A major European study suggests blood protein patterns can reveal accelerated biological aging, flagging higher risks of death and chronic disease years before diagnosis.

Study: Associations of proteomic age clocks with lifestyle risk factors, incident chronic diseases and mortality in two European cohorts. Image Credit: ArtemisDiana / Shutterstock

The predictive performance of the proteomic aging clocks for mortality outcomes was also comparable to that of established risk factors. These findings suggest that biological aging, as measured by an individual’s plasma protein profile, if integrated with routine investigations in the future, could one day help clinicians evaluate the likelihood of morbidity and mortality, improving risk stratification and prognosis determination.

Scientists use various measures to estimate an individual's biological age. Proteomic clocks estimate biological age through protein profiling. Researchers believe that proteomic clocks may help identify people at risk of chronic diseases based on their biological age.

By analyzing protein levels in the body, these clocks may also help uncover molecular pathways linking age-related changes with chronic diseases, supporting future precision medicine approaches for more targeted care.

About the study

In the present study, researchers investigated associations between proteomic clock-based biological age and incident chronic diseases and all-cause mortality. To do so, they used the SomaScan proteomic platform to estimate proteomic age in 17,473 individuals who participated in the European Prospective Investigation into Cancer and Nutrition (EPIC). The study comprised individuals from Spain, Italy, the United Kingdom (UK), Germany, and the Netherlands, aged 35 to 75 years.

Analysis of participant plasma samples using the SomaScan platform enabled the team to calculate systemic and organ-specific aging. They averaged proteomic age estimates and age gaps from five conventional proteomic clocks (Tanaka, Lehallier, Wang, Oh, and Sathyan) to create a global clock. They then evaluated associations between biological age and lifestyle factors, including the healthy lifestyle index (HLI), among participants followed for up to 28 years.

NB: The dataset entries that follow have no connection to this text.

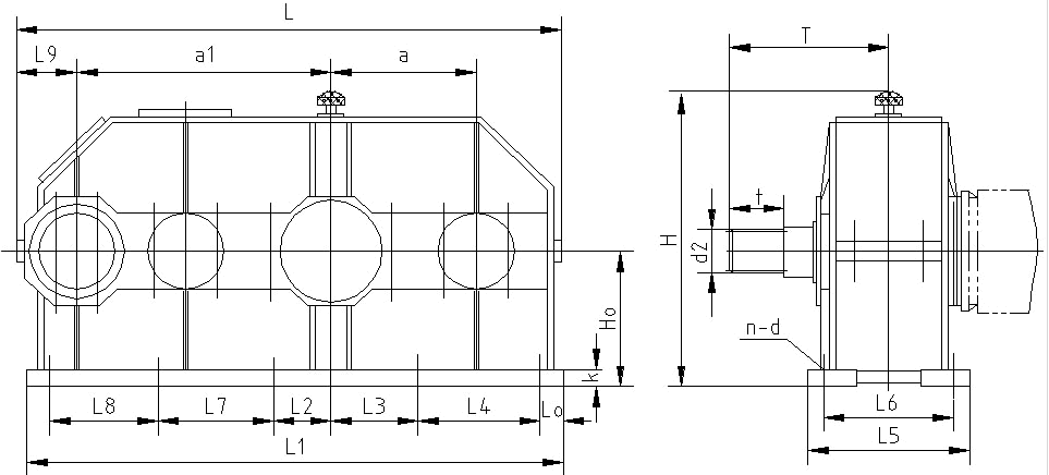 H型減速器外形尺寸,見圖14、表16:
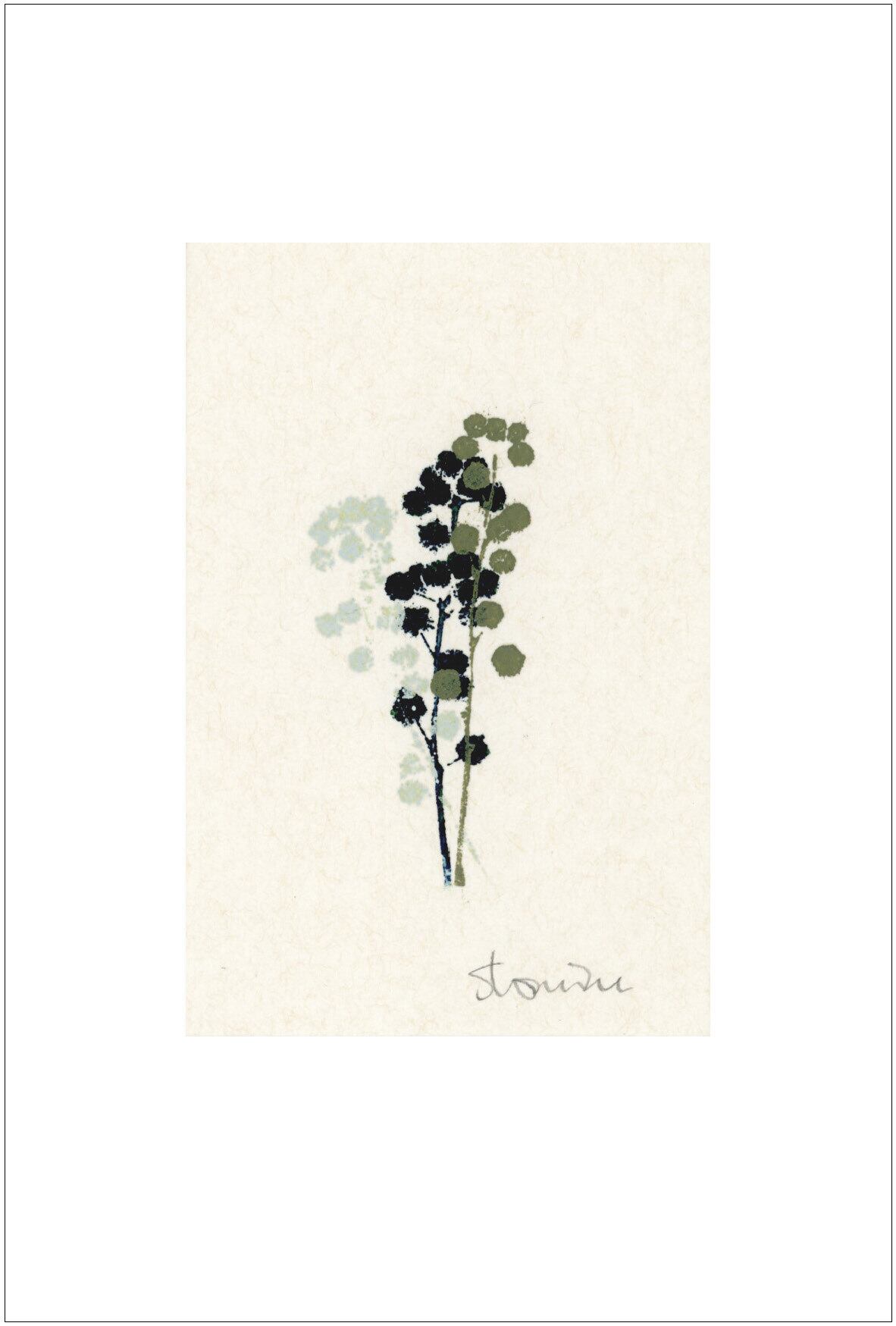 ホンモノの植物で刷ったボタニカルモノプリント(版画)の原画をデジタル化し、原寸のまま複製したポストカード。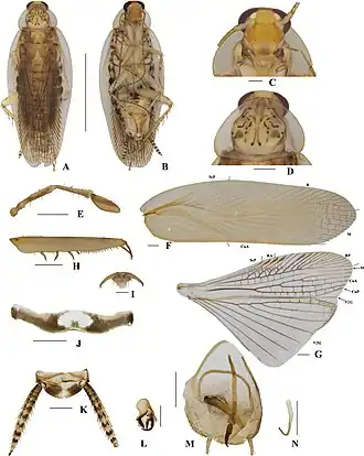 Тело небольшое (около 1 см), желтовато-коричневое. От близких видов может быть отличим по следующим признакам: левый фалломер с тремя шипами; вершина срединного фалломера с изогнутым длинным шипом; акцессорный склерит медианного фалломера с поперечным стержнем, но без щёточной структуры у вершины; левый фалломер с палочковидной структурой; передневентральный край переднего бедра Тип B2. Межоцеллярное расстояние немного шире расстояния между глазами, уже расстояния между усиковыми впадинами. Пятый нижнечелюстной пальмомер расширен, третий и четвёртый пальмомер оба длиннее пятого. Переднеспинка субэллиптическая, шире длины, диск обычно с симметричными макулами и полосами. Надкрылья и задние крылья полностью развиты. Вид был впервые описан в 2021 году. Валидный статус вида был подтверждён в 2024 году китайскими энтомологами из Southwest University (Чунцин, Китай)[1][3].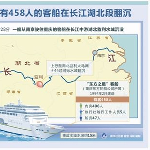 6月1日约21时28分,一艘从南京驶往重庆的客船在长江中游湖北监利水域沉没。据长江航务管理局最新情况,出事船舶载客456人,其中内宾405人、旅行社随行工作人员5人、船员46人。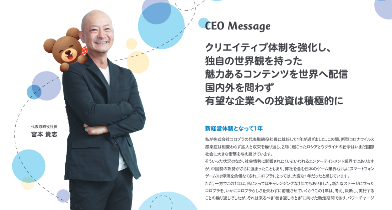 新社長に就任してから1年間の振り返り、新作タイトルへの想いや持続的な成長に向けた今後の経営方針について社長の宮本が自ら発信しています。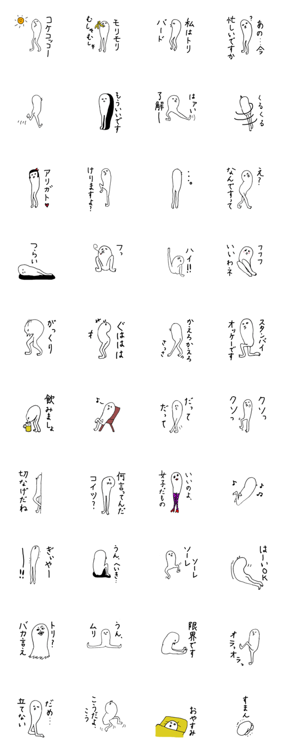 半鳥人 tarotaro コメントをどうぞ 上半身はとり、下半身は人間の彼。人語は話せます。 このスタンプどう思う?!↓クリックで投票♪好き (0)かわいい (0)かっこいい (0)おもしろい (0)使いやすそう (0)欲しい (0)萌え (0)ほっこりする (0)おしゃれ (0)ゆるい (0)こわい (0)ウザい (0)キモい (0)ムカつく (0)持ってる (0)癒される (0)セクシー (0)個性的 (0)私は買わない (0)誰かプレゼントして! (0) 購入・プレゼントする Facebookでシェア Twitterでシェア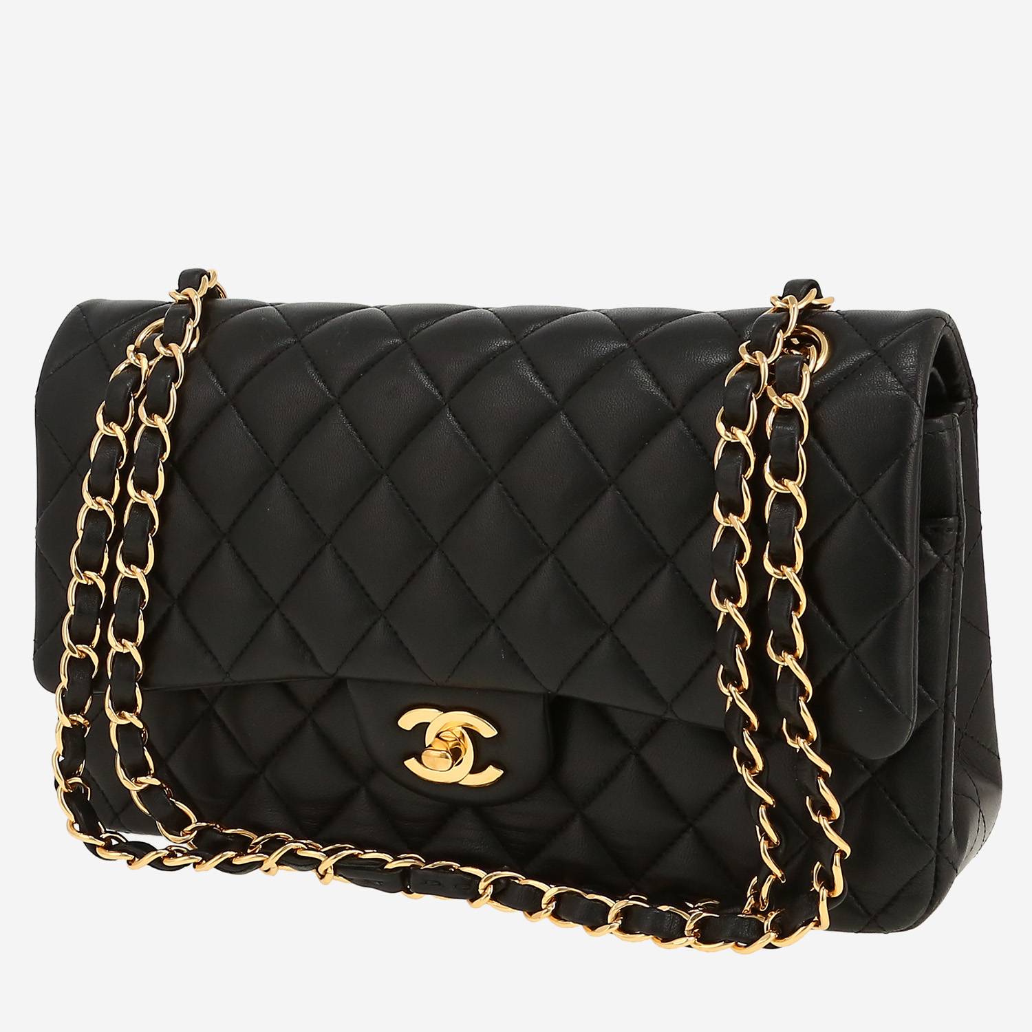 Magnífico bolso de mano Chanel Timeless Classic de cuero acolchado negro, adorno en metal dorado, una asa en cadena ajustable de metal dorado entrelazada de cuero negro para llevar en la mano o al hombro.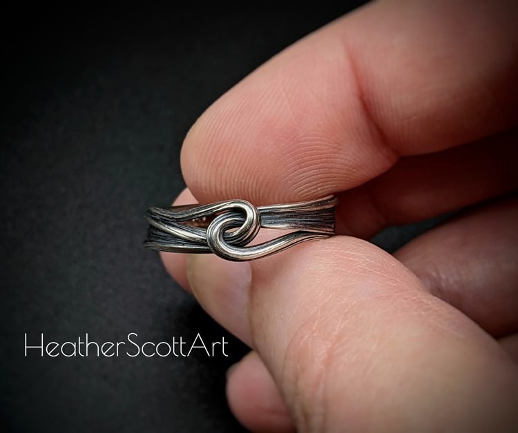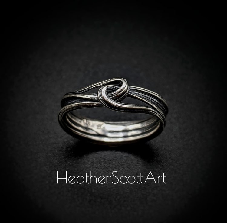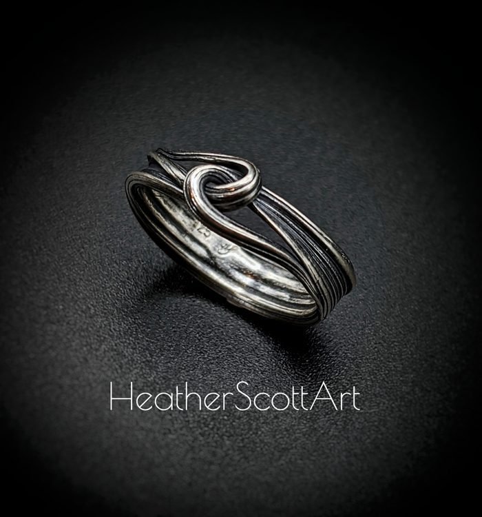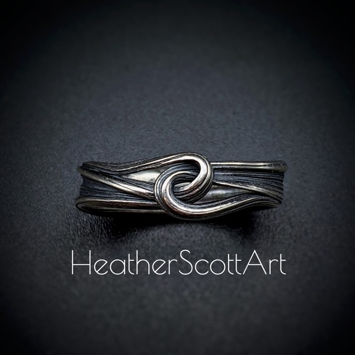 This mitsuro knot ring features flowing horizontal textures in a wrap around design. This size 7 ring is handmade in sterling silver by Heather Scott.

The researchers then estimated hazard ratios (HRs) for a 1-standard-deviation increase in the age gap using Cox regression models to assess the risks of chronic disease development and all-cause mortality.

These models were adjusted for body mass index (BMI), smoking status, alcohol intake, healthy diet score, physical activity, and educational attainment. The team identified incident cases through linkage with disease registries, care and drug registers, hospitalization records, and mortality data, and classified outcomes using the International Classification of Diseases, tenth revision (ICD-10) codes.

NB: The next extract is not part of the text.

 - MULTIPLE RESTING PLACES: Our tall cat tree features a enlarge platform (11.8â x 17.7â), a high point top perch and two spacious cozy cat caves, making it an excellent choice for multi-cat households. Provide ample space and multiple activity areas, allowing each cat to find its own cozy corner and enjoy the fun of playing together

They also replicated the findings among the British Whitehall II prospective cohort study participants. They also performed sensitivity analyses by restricting the study to never-smokers and to events occurring after the first 2 or 5 years after enrollment.

Results

Acceleration in biological aging, as measured by the integrated proteomic clock, was associated with lifestyle factors such as physical inactivity, alcohol intake, and smoking. However, BMI and diet quality were not associated with the Global age gap, and lifestyle associations varied across individual clocks.

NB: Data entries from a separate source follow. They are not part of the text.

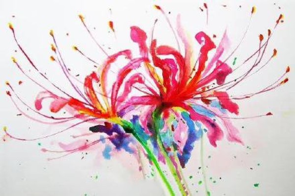 红色彼岸花手稿:一组红色的曼陀罗彼岸花纹身图案手稿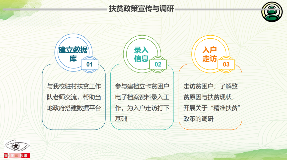 活动之始,强调团会纪律,认清团员身份,领悟党的精神,提高自己的思想意识。主持人为同学们介绍了团会召开的时代背景以及召开的目的与意义,“第三只眼”宣讲的同学为大家介绍了我们国家有关扶贫的政策。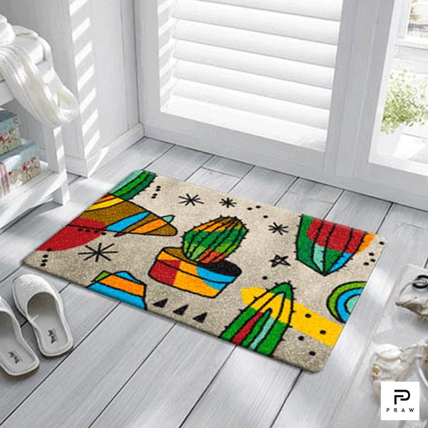 พรมแต่งบ้าน พร้อมคุณสมบัติกันลื่นจากแบรนด์ PRAW ดีไซน์เฉพาะ คุณภาพสูง มาตรฐานส่งออกญี่ปุ่น และยุโรป พิมพ์สีถึงโคนพรม ขนพรมไม่หลุดร่วง คงความสดเสมอแม้ผ่านการซักล้าง ไม่ทิ้งคราบบนพื้น (ไม่ใช้กาว) ยึดเกาะพื้นได้ดี เรียบติดพื้น ไม่เป็นคลื่น ซึ่งเป็นสาเหตุของการสะดุดล้ม ประสิทธิภาพการดักฝุ่น และความชื้นสูง วัสดุมีความยืดหยุ่น และกันลื่นได้อย่างดี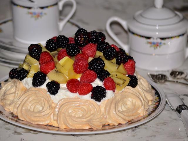 Обои Торт с безе и свежими ягодами на столе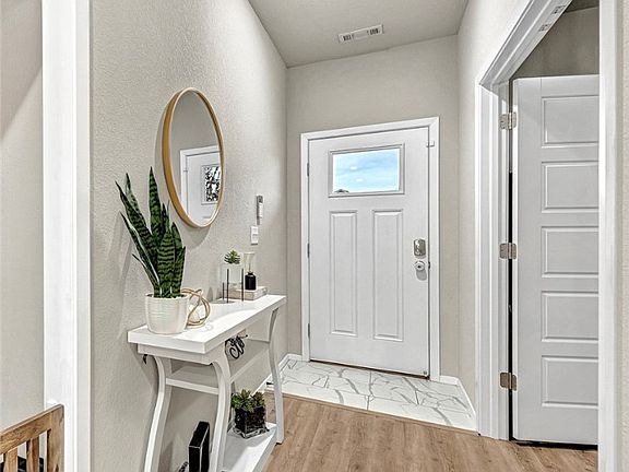 Discover this exceptional family home offering space, style, and modern upgrades throughout. With four spacious bedrooms conveniently located on the second level and a dedicated main-level office, this home is designed for comfort and function. The open floor plan creates an inviting flow, enhanced by high-end finishes including brushed gold light fixtures, beautiful cabinet hardware, and upgraded countertops that elevate every room. Step outside to a fully fenced backyard that backs directly to the neighborhood walking trails—perfect for privacy and outdoor enjoyment. An extended covered patio provides an ideal space for entertaining, relaxing, or watching kids and pets play. A rare combination of thoughtful design and elevated features, this home is move-in ready and built for the way you live.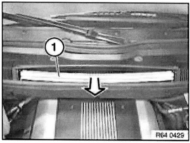 Pull out microfilter for interior ventilation (1) in direction of arrow.
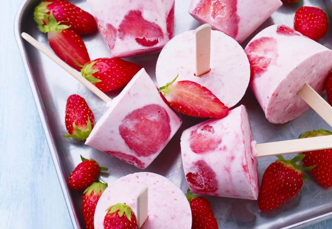 - la glace préparée à partir d’un sorbet aux fruits, en remplaçant l’eau par le même volume de crème fraîche ou de yaourt, comme une glace aux fraises par exemple ;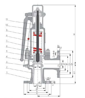 【帶扳手微啟式安全閥結(jié)構(gòu)圖】

Accelerated aging, defined as an advanced biological age relative to chronological age, was also associated with an increased risk of chronic diseases, including cardiovascular disease, dementia, and malignancies of the oral cavity, pharynx, larynx, esophagus, liver, lungs, and kidneys.

Stomach, kidney, and lung cancers showed the most robust associations with organ-specific aging. Similar results were obtained for mortality risk prediction using proteomic aging clocks and lifestyle factors. The Global proteomic clock showed a strong association with death from any cause (HR, 1.4). The estimated increase in all-cause mortality risk per year of age gap ranged from 5.0% to 13%. The global clock yielded HR values of 1.3-1.4 for coronary heart disease and stroke, and 1.2 for dementia. Using this integrated clock, the team obtained HR values of 1.6, 1.5, 1.3, and 1.3 for liver, upper aero-digestive tract (UDAT), lung, and kidney cancers, respectively.

Organ-specific age gaps showed strong associations with cancers affecting the corresponding organ. The strongest association was observed between kidney biological age and renal cancer (HR, 1.6). Organ-specific aging in lungs and intestines also increased the risk of lung cancer and stomach cancer, respectively (HR, 1.4 for both). The sensitivity analysis yielded largely similar results, except for attenuations in kidney and lung cancer, indicating the robustness of the primary findings.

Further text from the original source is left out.